What is expected – Nothing but the lines below from the one with "Água filtrada, L-carnitina, Taurina, Cafeína, Picolinato" through the one with "1. byt 2+kk 70m2 + terasa 8m2" should be output, each exactly as given, and no pictures.
┄┄┄┄┄┄┄┄┄┄
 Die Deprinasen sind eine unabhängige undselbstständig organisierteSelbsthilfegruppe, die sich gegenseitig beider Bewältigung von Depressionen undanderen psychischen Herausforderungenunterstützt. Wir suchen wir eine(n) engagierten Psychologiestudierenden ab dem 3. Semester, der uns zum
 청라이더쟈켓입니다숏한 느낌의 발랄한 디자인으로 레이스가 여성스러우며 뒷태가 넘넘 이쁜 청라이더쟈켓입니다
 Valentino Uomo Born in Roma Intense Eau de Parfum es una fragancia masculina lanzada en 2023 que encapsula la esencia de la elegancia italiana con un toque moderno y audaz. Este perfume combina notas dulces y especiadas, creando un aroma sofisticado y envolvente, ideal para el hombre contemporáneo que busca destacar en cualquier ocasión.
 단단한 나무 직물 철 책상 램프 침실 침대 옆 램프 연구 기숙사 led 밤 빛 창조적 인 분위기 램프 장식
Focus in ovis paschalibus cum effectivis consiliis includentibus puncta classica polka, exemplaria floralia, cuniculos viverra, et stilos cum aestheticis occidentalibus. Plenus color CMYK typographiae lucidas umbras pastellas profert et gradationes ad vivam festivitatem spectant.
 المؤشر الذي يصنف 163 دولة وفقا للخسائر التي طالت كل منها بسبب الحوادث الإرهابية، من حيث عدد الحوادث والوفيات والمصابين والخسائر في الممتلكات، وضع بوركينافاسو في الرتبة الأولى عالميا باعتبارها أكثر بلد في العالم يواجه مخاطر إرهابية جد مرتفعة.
┄┄┄┄┄┄┄┄┄┄
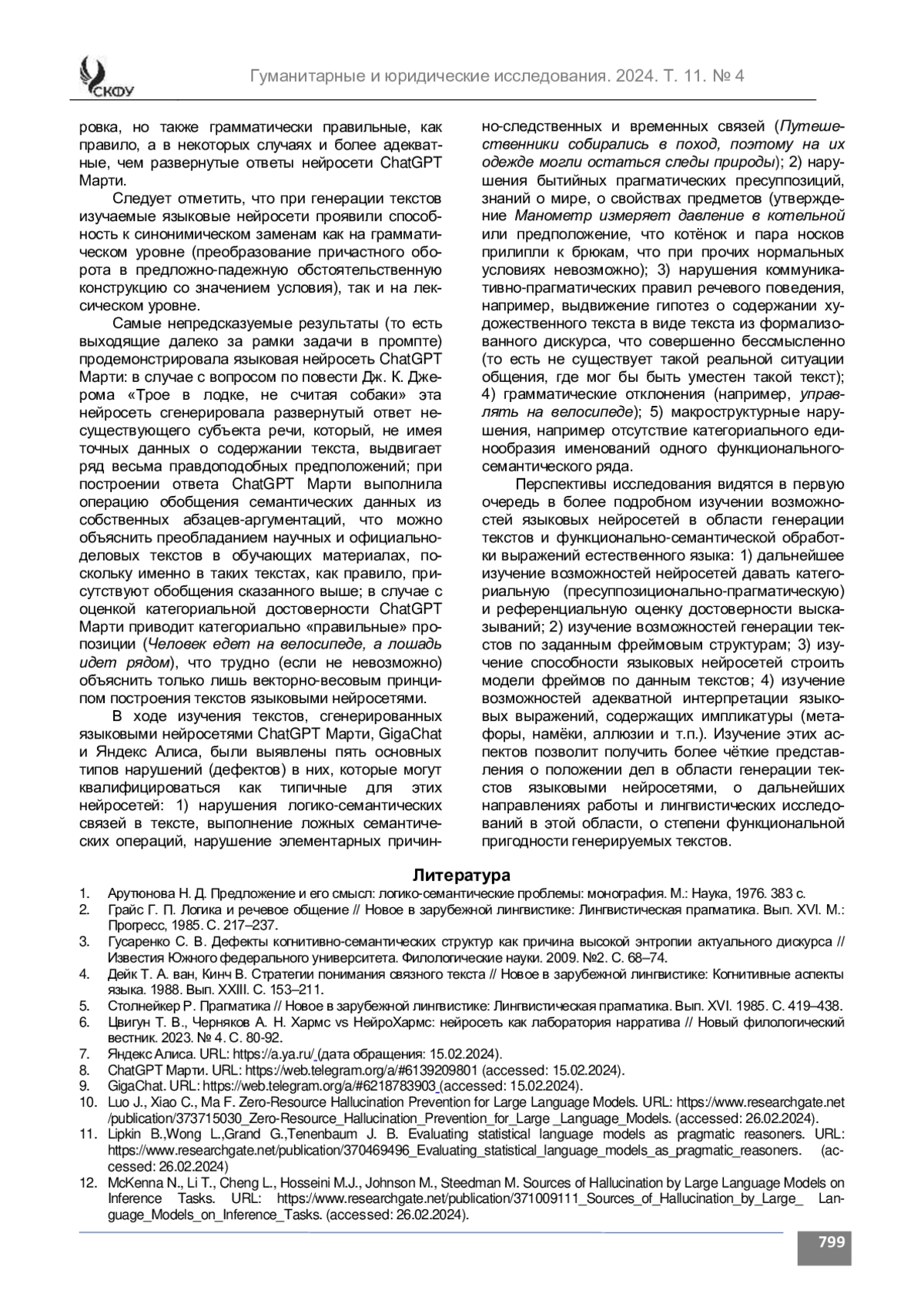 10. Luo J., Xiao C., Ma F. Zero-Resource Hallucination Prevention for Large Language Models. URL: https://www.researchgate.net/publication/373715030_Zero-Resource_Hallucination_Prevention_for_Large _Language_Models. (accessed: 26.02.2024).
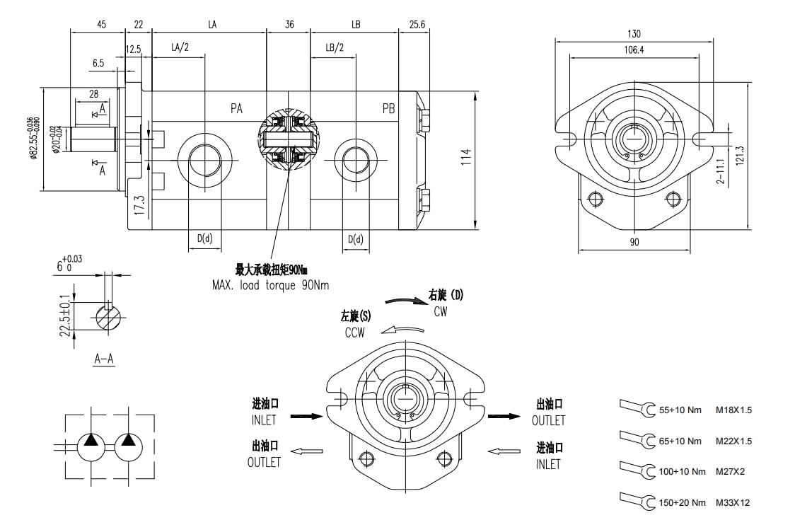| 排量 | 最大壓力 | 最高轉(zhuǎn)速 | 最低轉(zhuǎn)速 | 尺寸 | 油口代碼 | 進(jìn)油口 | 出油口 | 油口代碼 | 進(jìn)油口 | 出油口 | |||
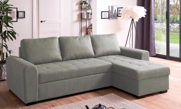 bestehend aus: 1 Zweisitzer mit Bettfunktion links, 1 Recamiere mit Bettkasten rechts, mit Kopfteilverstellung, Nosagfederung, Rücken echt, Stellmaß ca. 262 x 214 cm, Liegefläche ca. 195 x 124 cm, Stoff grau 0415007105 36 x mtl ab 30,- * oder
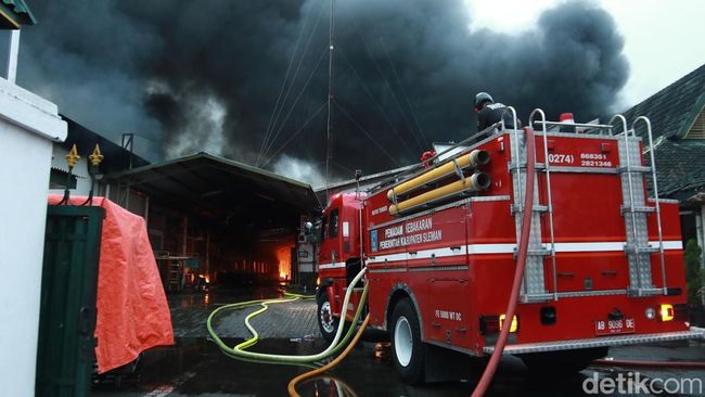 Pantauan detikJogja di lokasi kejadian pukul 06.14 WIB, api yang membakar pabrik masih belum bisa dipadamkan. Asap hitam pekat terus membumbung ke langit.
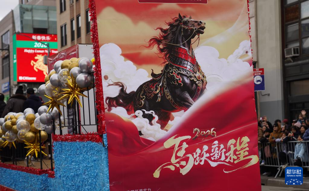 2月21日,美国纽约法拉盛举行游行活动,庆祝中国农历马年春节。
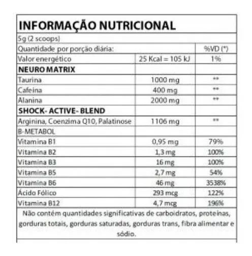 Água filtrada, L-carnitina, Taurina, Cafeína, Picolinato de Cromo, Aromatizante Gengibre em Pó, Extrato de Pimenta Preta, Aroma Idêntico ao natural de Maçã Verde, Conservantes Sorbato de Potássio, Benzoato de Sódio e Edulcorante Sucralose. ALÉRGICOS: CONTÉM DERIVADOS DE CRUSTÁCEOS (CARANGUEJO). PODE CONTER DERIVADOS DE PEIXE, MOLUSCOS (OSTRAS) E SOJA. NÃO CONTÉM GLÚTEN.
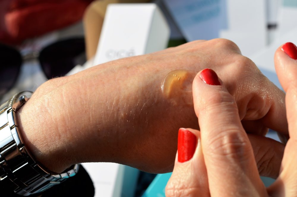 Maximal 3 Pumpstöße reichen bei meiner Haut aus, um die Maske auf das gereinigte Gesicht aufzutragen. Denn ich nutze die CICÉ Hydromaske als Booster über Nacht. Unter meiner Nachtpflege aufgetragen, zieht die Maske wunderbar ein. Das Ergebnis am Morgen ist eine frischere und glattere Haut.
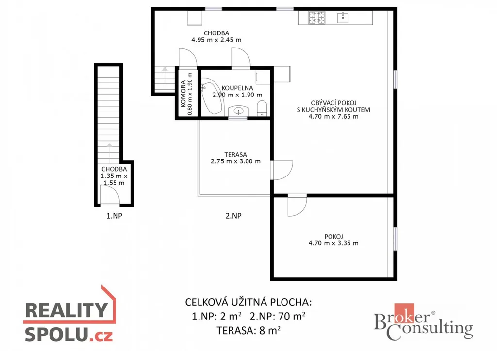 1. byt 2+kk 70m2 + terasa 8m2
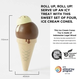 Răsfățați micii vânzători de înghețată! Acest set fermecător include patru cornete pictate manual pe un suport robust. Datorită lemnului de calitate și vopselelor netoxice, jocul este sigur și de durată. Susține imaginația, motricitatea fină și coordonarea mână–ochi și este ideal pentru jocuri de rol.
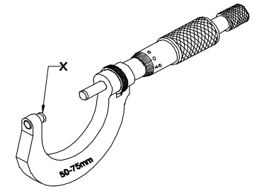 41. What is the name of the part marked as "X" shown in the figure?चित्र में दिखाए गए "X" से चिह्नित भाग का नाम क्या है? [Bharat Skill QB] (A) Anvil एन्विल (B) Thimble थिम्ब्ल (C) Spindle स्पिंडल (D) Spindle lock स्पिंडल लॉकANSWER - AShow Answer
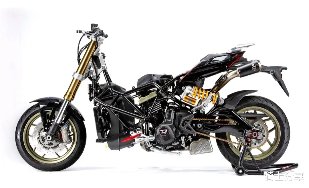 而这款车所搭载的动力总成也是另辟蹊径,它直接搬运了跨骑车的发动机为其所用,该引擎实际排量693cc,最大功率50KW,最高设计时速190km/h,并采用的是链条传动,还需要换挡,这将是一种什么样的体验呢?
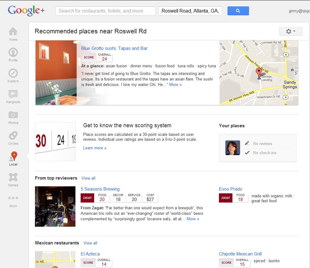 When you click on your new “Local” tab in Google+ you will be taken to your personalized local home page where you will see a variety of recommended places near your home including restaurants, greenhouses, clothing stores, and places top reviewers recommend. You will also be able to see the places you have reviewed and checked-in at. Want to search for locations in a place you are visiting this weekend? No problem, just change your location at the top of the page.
┄┄┄┄┄┄┄┄┄┄
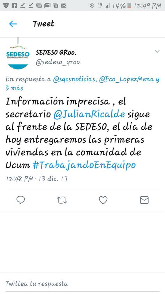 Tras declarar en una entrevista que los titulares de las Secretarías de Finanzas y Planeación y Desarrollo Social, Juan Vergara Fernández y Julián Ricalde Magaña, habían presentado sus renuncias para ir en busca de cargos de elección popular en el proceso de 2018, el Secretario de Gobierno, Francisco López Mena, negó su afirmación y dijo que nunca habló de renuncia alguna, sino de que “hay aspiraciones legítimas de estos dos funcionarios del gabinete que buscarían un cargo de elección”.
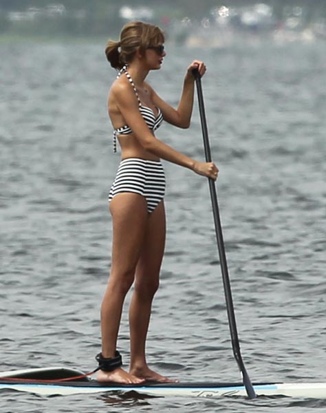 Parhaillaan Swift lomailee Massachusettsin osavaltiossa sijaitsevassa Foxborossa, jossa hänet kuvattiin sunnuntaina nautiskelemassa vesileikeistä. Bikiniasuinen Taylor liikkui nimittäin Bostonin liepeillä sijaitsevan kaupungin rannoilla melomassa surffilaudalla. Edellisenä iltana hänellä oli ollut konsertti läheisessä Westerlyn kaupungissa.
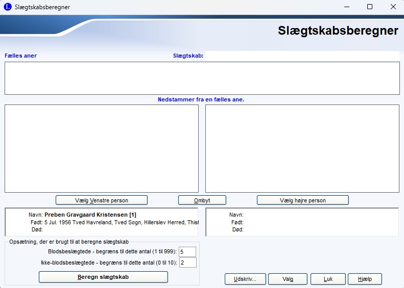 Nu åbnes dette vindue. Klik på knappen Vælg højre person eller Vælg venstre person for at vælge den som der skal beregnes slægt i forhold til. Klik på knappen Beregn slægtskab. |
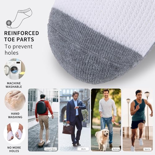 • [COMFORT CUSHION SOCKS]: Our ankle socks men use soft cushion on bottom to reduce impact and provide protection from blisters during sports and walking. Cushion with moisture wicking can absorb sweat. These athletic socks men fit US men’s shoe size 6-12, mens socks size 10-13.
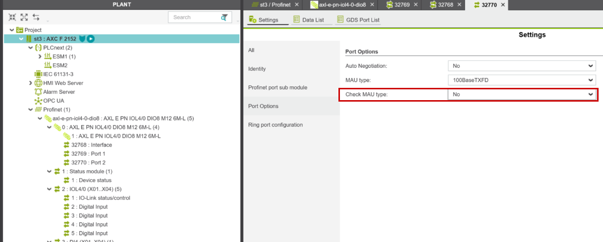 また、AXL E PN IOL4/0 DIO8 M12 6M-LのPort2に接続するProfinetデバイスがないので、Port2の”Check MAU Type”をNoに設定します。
┄┄┄┄┄┄┄┄┄┄
Expected answer –
 Água filtrada, L-carnitina, Taurina, Cafeína, Picolinato de Cromo, Aromatizante Gengibre em Pó, Extrato de Pimenta Preta, Aroma Idêntico ao natural de Maçã Verde, Conservantes Sorbato de Potássio, Benzoato de Sódio e Edulcorante Sucralose. ALÉRGICOS: CONTÉM DERIVADOS DE CRUSTÁCEOS (CARANGUEJO). PODE CONTER DERIVADOS DE PEIXE, MOLUSCOS (OSTRAS) E SOJA. NÃO CONTÉM GLÚTEN.
 Maximal 3 Pumpstöße reichen bei meiner Haut aus, um die Maske auf das gereinigte Gesicht aufzutragen. Denn ich nutze die CICÉ Hydromaske als Booster über Nacht. Unter meiner Nachtpflege aufgetragen, zieht die Maske wunderbar ein. Das Ergebnis am Morgen ist eine frischere und glattere Haut.
 1. byt 2+kk 70m2 + terasa 8m2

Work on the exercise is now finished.